And there I would like to let Nabil write a super, super, super detailed, maybe multi-step prompter workflow and then share that with Spark. So you can basically be like, here is the Spark secret sauce, whatever. Like analysis, a company analysis, whatever. Because I think there's something pretty cool there. Because if you can get the one person who's willing to put in the work
And the other folks can benefit from it. And then there's like a social accountability. So that way the thing doesn't like wither and die if people are actually using it. They're like actively investing in it.
I'm such a fan. Like you're here because you have a note-taking app and you said, yeah, note-taking isn't really the thing. Here's what I want to do. And that's my rebuttal to you, Nabil, when I was making the face is I don't think you want to cater to the 15% power user on note-taking. Like I think that's a dwindling, small, uninteresting place to be. But like if you own the place where we're capturing our, I don't know, like pen and paper,
In a world where this technology of artificial intelligence and everything else exists, I think there's so much that you do with that. And the breadth and the depth of that value has got to be much larger. I don't disagree with that. It's just a horizontal product, right? And it's just not a vertical product. And not every startup is a horizontal product. And in a horizontal product world, the question is like, will the LLM know better about how
I take notes in my accounting practice in Bangladesh, or will Chris figure that out? Or is there an intermediary if somebody has been using and loving granola where one of those accountants in Bangladesh becomes an expert? And you see it in lots of horizontal products. They need to be easy enough and simple enough to get started.
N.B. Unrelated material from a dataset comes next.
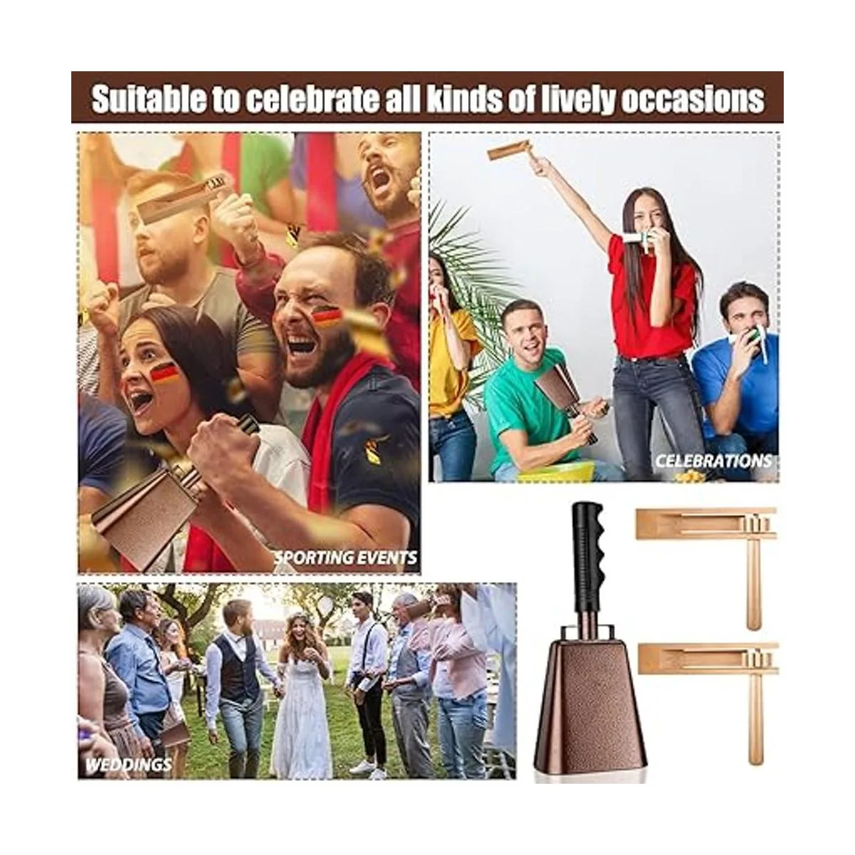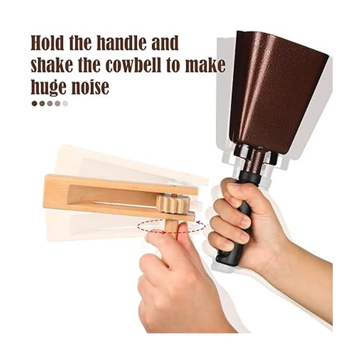 Sonido fuerte: el paquete incluye 1 campana de vaca y 2 trinquetes giratorios de madera, que pueden hacer un sonido muy alto en el entorno ruidoso, son adecuados para animar en eventos deportivos y otras actividades bulliciosas

And then you have this layer of experts that kind of like emerged bottom up, like, you know, like the economy of people making weird notion templates that you download. And that doesn't mean you make notion for the people that make notion templates. That would be the wrong thing. But it's part of a viable, important, healthy ecosystem.
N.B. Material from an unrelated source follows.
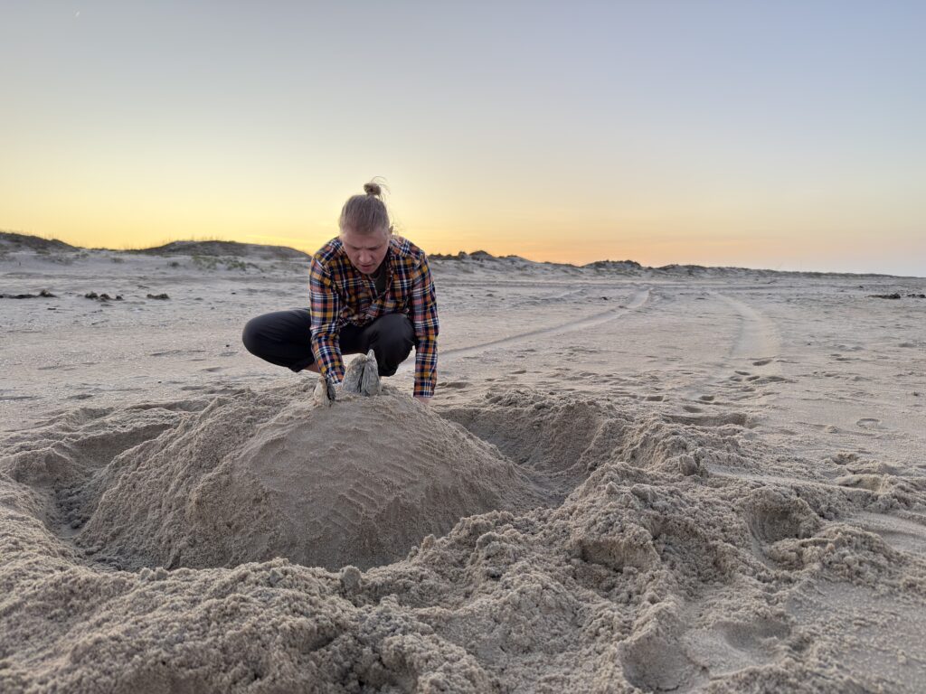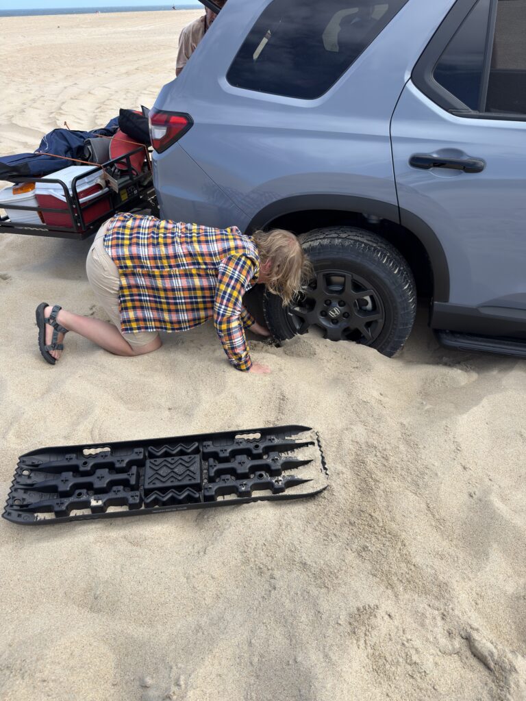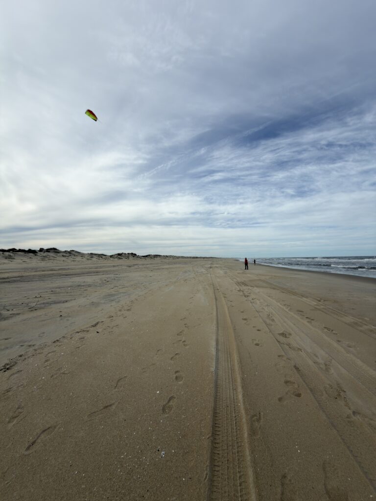 And it was good thing too, because we immediately came across someone who risked their vehicle to drive across the sand, and it didn’t quite work out. That would’ve been us. A man had driven his SUV on the sand and had almost made it out but had gotten stuck pretty deeply in the sand. He had recovery gear, but it wasn’t quite adequate. Jeffrey started to help and soon we had others (a local man and a family from Maryland with 2 teenage boys who were VERY eager to help) helping as well. After a while, a local North Carolina man came with allllll the right gear and pulled him out very quickly. He definitely saved the day! The ironic part was that the beach patrol came through on their golf cart, going right past the stuck car and then got themselves stuck! They hadn’t put it in 4 wheel drive before entering the sand, and Jeff and I had to push him out! It was pretty funny! Jeffrey also loves watching YouTube videos about off road recovery, so actually stepping in to help someone was a true joy for him.

I get it. And Chris's word was atrocious when he was talking about the templates. I actually think it's thoughtful how you've integrated them. And like they do give Nabil the power and I don't have to deal like it's just like out of sight, out of mind for me. And he's he's able to like get it to the point where he wants. And that's probably the right split is I don't ever come across it.
And then Nabil has it for when he needs it. Yeah, we just want more AI products to do that. Can you talk to all of them, Chris? Can you talk to all the other people? I mean, I don't know if it's a winning strategy. I mean, like, we'll see how it all plays out.
I do think that people like granola like it a lot. I think that, you know, I'm comfortable saying. You have taste and you've made then a lot of opinionated decisions, which is like the combination of those two things generally works out pretty well. One big decision that you've made is you don't show the transcript, which the first couple of times that I used the product, I thought was great.
Weird. It was weird. Weird is maybe the word. You can't see it. You know you can't see it, right? Like most people, a lot of people don't discover this. Like you can click on the little dancing bars and then you can look at the transcript like real time during the meeting. Can you see it post fact though? You can see it post. It's just hidden away. Like I think the reality is like transcripts are really long and unwieldy and like just a pretty crappy format for digressing information. So it's there. It's hidden away on purpose. But it's...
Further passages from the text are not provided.